Dieser Internet-Auftritt kann nach dem Tod des Webmasters, Peter Strutynski, bis auf Weiteres nicht aktualisiert werden. Er steht jedoch weiterhin als Archiv mit Beiträgen aus den Jahren 1996 – 2015 zur Verfügung.

Mit der Mehrheit im Rücken

Protest gegen Krieg in Afghanistan am Samstag

Von Christian Klemm *

Die Abstimmung im Bundestag über mehr Soldaten für Afghanistan ruft die Friedensbewegung auf den Plan.

Die Friedensbewegung mobilisiert für den kommenden Samstag (20. Feb.) zu Protesten nach Berlin. Hintergrund ist die Bundestagsabstimmung am 26. Februar über die Verlängerung des Bundeswehr-Mandats für Afghanistan und die Erhöhung der Mandatsobergrenze des Truppenkontingents. Das Mandat soll um zwölf Monate verlängert, das Kontingent um 850 auf 5350 Soldaten erhöht werden. Unter dem Motto »Kein Soldat mehr!« sind Aktionen auf dem Bebelplatz, am Brandenburger Tor und am Reichstag geplant. Außerdem wird eine Demonstration durch die Berliner Innenstadt ziehen. Unterstützt wird der Protest von Friedensgruppen, Parteien und politischen Organisationen, darunter die LINKE, die Gesellschaft zum Schutz der Menschenrechte und die Vereinigung der Verfolgten des Nazi-Regimes – Bund der Antifaschisten.

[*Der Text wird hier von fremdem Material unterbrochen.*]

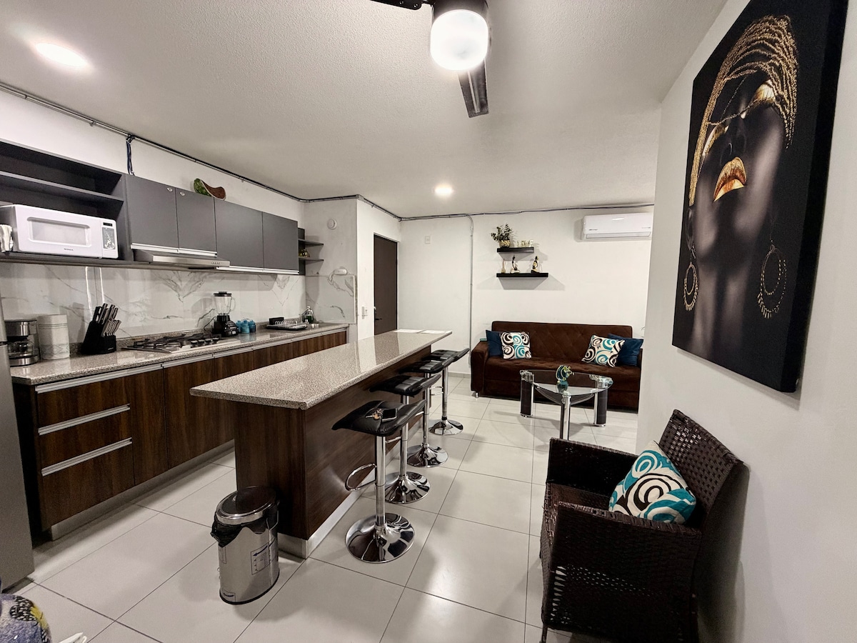 ENJOY A STYLISH EXPERIENCE IN A SAFE PLACE When you go on vacation, you are looking for either of these things: Have fun or relax. If you are reading this you are lucky, because in our apartment you can do both! you still don´t believe it? With a perfect location to be close to the best shopping centers and entertainment venues in Guadalajara. Our cozy, spacious and impeccable apartment is equipped to accommodate 2 people in an area with guaranteed security.
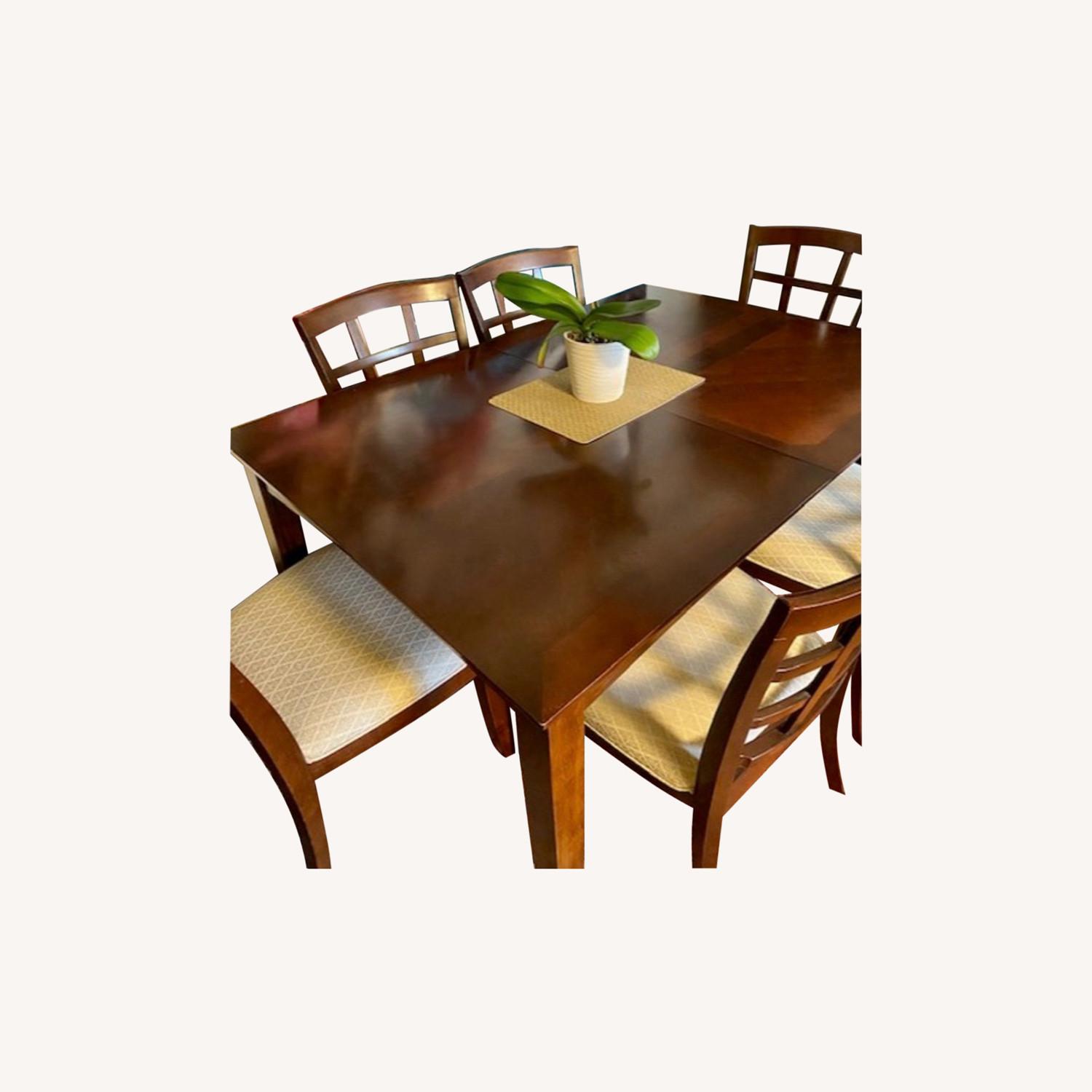 Seller's Notes:Only reason for selling is we're redecorating and must make room for new furniture arriving early next week. Available immediately! Highly discounted to account for you making your own pick-up arrangements. Mahogany dining table (with internal butterfly leaf) + 6 matching mahogany upholstered chairs Table dimensions: Length 71.5 (with leaf), 59.5 inches (without leaf), Width 42 inches, Height 30 inches Condition – good, only owner (it's been loved, just want to find it a good home), no major scratched or nicks in wood, no snags or stains on chair cushions. Chairs barely used and cushions like-new. Original price of chairs alone: $200 each
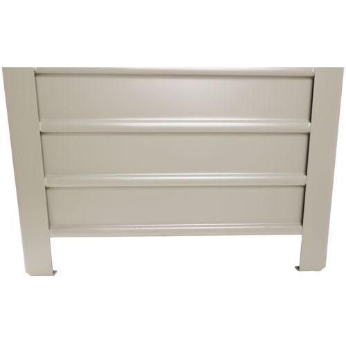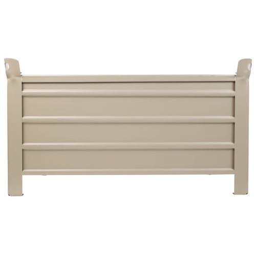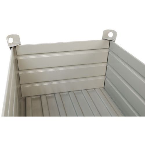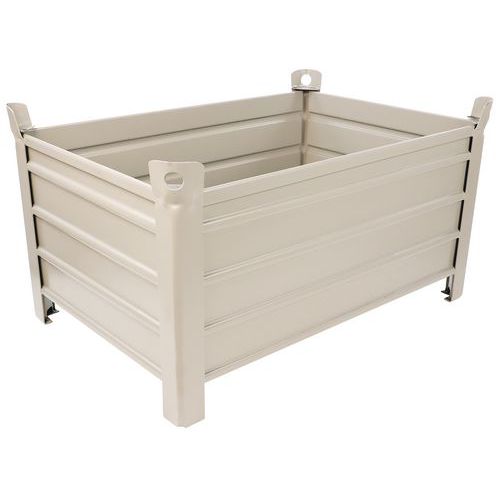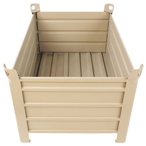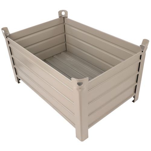 Extremamente resistente em chapa de aço canelada. Caixa-palete com paredes integrais. Poupança de espaço, com capacidade para empilhar 5 caixas-palete. Empilhamento de grande estabilidade com perfis de canto montantes. Adequada para indústrias mecânicas, automóveis, fundições ou de recolha de resíduos.
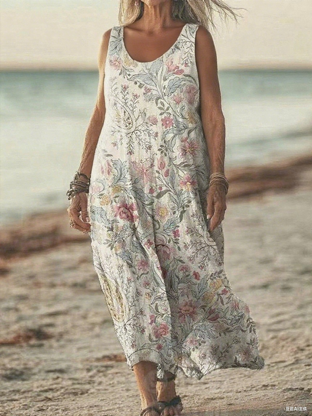Letní Dámské Šaty bez Rukávů s Kulatým Výstřihem – Lehký Bavlněný Komfort a Styl
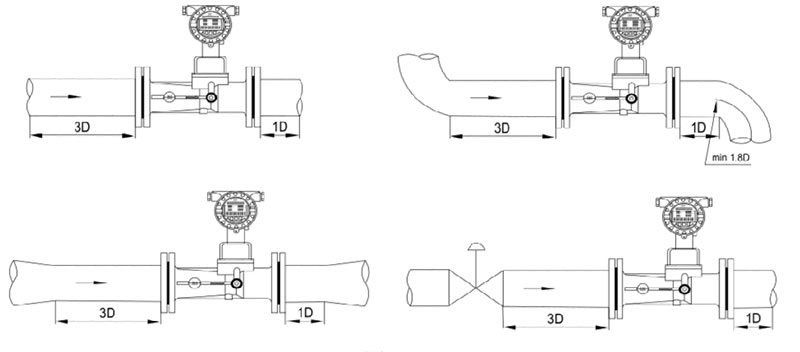 安裝注意事項 1.流量計應根據流向標志安裝。 2.流量計可水平、垂直或任意角度傾斜安裝。 3.上下游直管段要求見圖 4.被測介質內除含有較大顆粒或較長纖維性雜質外,一般無需安裝過濾器。 5.流量計周圍不應有強外磁場干擾及強烈的機械振動。 6.流量計必須可靠接地。

Die Friedensbewegung habe die Mehrheit der Deutschen auf ihrer Seite, sagte Peter Strutynski vom Bundesausschuss Friedensratschlag am Dienstag vor Journalisten. Laut einer aktuellen ARD-Umfrage seien mehr als 80 Prozent der Bevölkerung gegen die Aufstockung. »Außerdem wollen 71 Prozent der Deutschen den schnellstmöglichen Abzug der Truppen aus Afghanistan.«

Strutynski zog eine kritische Bilanz des bisherigen Krieges am Hindukusch, der mit einem Mandat der Vereinten Nationen ausgestattet ist. Die Situation der Frauen sei nicht besser geworden, Hunger und Armut hätte »erschreckende Ausmaße« angenommen. Außerdem sei nach Ansicht des Kasseler Politikwissenschaftlers der Analphabetismus in Afghanistan höher als vor dem Einmarsch der internationalen Truppen Ende 2001. »›Fortschritte‹ gibt es dafür im Mohnanbau und in der Korruption«, so Strutynski.

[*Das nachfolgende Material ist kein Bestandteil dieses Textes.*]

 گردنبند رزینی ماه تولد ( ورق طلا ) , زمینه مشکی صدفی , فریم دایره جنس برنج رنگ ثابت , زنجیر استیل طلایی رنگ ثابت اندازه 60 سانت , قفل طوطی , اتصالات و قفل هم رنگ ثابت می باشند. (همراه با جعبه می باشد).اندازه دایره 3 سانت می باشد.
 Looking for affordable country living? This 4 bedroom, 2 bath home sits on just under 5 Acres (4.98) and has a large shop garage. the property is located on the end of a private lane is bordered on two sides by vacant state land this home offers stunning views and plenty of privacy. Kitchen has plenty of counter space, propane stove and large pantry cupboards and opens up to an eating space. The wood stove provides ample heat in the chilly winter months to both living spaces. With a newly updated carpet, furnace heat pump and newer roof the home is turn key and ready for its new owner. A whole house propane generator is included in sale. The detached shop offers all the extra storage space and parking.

Dass die aktuelle Offensive der NATO im Süden des Landes zunächst zivile Opfer forderte, sei symbolisch für den mehr als acht Jahre andauernden Krieg, meinte Reiner Braun, Sprecher der Kooperation für den Frieden. Von der Ankündigung der US-Amerikaner, die Bevölkerung zu schonen, könne überhaupt keine Rede sein. »Wie die Offensive vor sieben Monaten wird auch diese scheitern«, prognostiziert Braun.

Informationen zur Demonstration unter www.afghanistandemo.de

* Aus: Neues Deutschland, 17. Februar 2010


SPD hält die Stellung

Von Rüdiger Göbel **

Wie erwartet werden die 146 SPD-Abgeordneten im Bundestag in der kommenden Woche mehrheitlich für die Entsendung weiterer Soldaten nach Afghanistan stimmen. Parteichef Sigmar Gabriel wollte am Dienstag in Berlin zwar den in der Süddeutschen Zeitung genannten Umfang von »etwa zwei Dutzend« Nein-Stimmen nicht bestätigen. Er sagte aber: »Unsere Haltung war von Anfang an nicht auf Nein angelegt.« Zwar tönten die Sozialdemokraten vor drei Wochen auf ihrer Afghanistan-Konferenz im Willy-Brandt-Haus noch anders. Doch Gabriel legt Einzelheiten des neuen Mandats einfach als Entgegenkommen der schwarz-gelben Bundesregierung aus. Konkret spricht der SPD-Vorsitzende vom »Verzicht auf zusätzliche Kampftruppen« oder die »Festlegung auf eine Abzugsperspektive«.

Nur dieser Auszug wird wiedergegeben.